The Undercurrents of Tourism

EXIT

 

Passages (1996) and déjà vu (1999) are concerned with issues relating to tourist images. They are found footage, amateur film material about travelling. The material was, therefore, private and originally intended for showing in a close circle of family and friends, fulfilling many of the same functions as the family album. Ponger uses the material, however, to tell another story one which is all the darker for its contrast with the coloured brilliance and exoticism of the images.

 

These accounts all begin in Vienna. The descriptions are individual stories of forced Jewish emigration from Austria, refugees fleeing from Nazi terror. The travelogue-like accounts coolly welded to family films of journeys taken for excitement and pleasure makes the private public and the public familial.
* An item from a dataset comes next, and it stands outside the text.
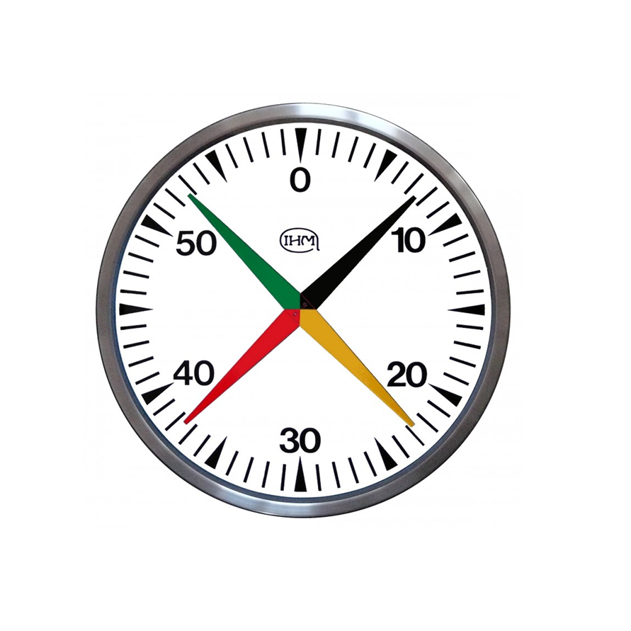 Aluminium brosséCompte-secondes intérieur mural équipé de 4 aiguilles couleurs. Traité

It engenders a claustrophobic horror in the mind. But there is no respite. As the pictures wander the exotic places of the world they become tainted with the knowledge from the sound-track; the sensual pleasure freezes. At the point when you should be relieved at the escapes of some, you also remember those who didn’t. At the same time you realise that there are other stories of flights from imprisonment and torture woven in and on their way back to Vienna. This time they are told by immigrants seeking safety in the West. Specifically in Vienna.

 

 

 

From the beginning, as the images of déjà vu begin to parade across the screen, the viewer is seduced into their foreign but nonetheless eerily familiar flow. These are documentary sequences of places and people but also of our longing for distant lands, colourful events and the 1001 star-pierced tropical nights which no camera can capture. The scenes are strung together on a crimson thread like the glass trading beads of a bygone era. What happens on the visual level happens too quickly to allow much control, analysis or argument.

 

 

In Passages the normality of the travel memories slowly begin to take on another dimension when we concentrate on the sound track.